If you believe with me that there is such a thing, the question then becomes how to cultivate it, how to intentionally go there. I will probably come back to this subject, but tentatively - for now - I think opening the door to that 10% requires a combination of experience, deep class preparation, abiding agape love for our students, and our own centeredness. Most days, I feel as though I have some of the first, work on the second, try for the third, and come up way short on the latter. How about you?
Letters of Recommendation
My recommendation this week is a book: Draft No. 4, by John McPhee. A long-time staff writer for The New Yorker magazine, McPhee was also a teacher of writing at Princeton. He has numerous books, all of which are great, but this one is about his writing method. It is a book that came out of his teaching, and wonderfully captures the kind of teacher he was. (As a bonus recommendation, McPhee has a recent piece in the The New Yorker about articles he thought about writing but never did. Also wonderful.)
Q of the Week
The Q of the Week this week is a Question:
If you agree it is a thing, when have you felt that 10% moment?

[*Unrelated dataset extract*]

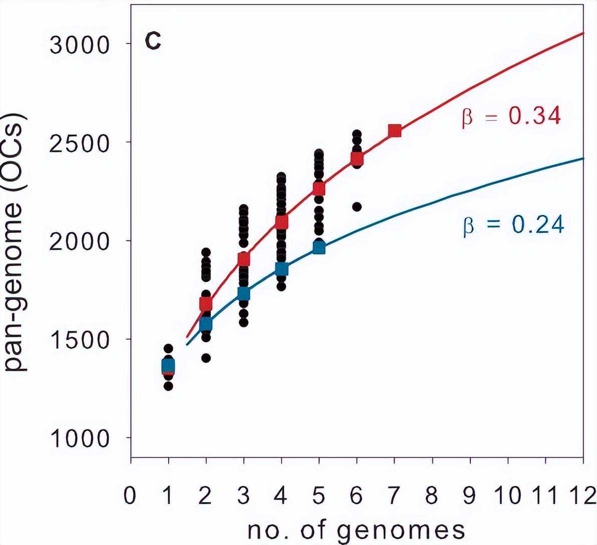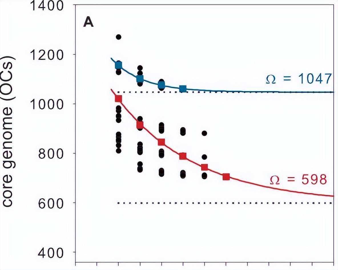 核心基因组和柔性基因组中基因的实际数量因系而异,核心SAR11和亚支Ia基因组的预测大小是通过将指数衰减函数拟合到为七个基因组序列的顺序相加计算的核心OC的平均数量。

Best column so far. Many of us go into teaching to avoid the vulnerability that other jobs necessitate, but it is even more crucial here. Brene Brown describes the need for vulnerability best and connects it to courage, which brings the point back to Palmer. That vulnerability means we go the extra mile in crafting the writing assignment or exam question even though it adds immensely to our workload, when we revise a syllabus that has been tried and true for 10 years even though that compels us to rethink what we had always thought, and when we read the class such that we change a course midstream as we feel our students take the conversation in a direction which opens a moment that would be otherwise lost to exploration. There is some payback for that 10% as well. For example, when an assignment seems to only bring on complaints about its demands but yields responses that are intensely indicative of the deep way in which the students have actually embraced it, when a student pushes back forcing you to explain, defend, or find new ways to reach an understanding then you later see the student expressing that understanding to others, and when a student comes back - sometimes years later - to share how much your teaching has influenced their approach to life and career. Vulnerability and courage are the keys.
When I've tried to describe why I find teaching so simultaneously rewarding and exhausting, I've often defaulted to the performative aspects of the job. When you're teaching, it is your job to have all eyes on you, watching, judging, taking, for hours at a time. And that is truly exhausting. No matter how much of a "natural performer" you may be, putting your energy out for others' consumption for 50 hours a week is a much harder thing to do than people realize. But, as I said, it is also so rewarding; for me it's that little light in students' eyes when a concept clicks. That's the moment when everything becomes worth it, when the connection you have with your student overtakes the everyday roles you both occupy and experience a brief moment of transcendence. That's my ten percent.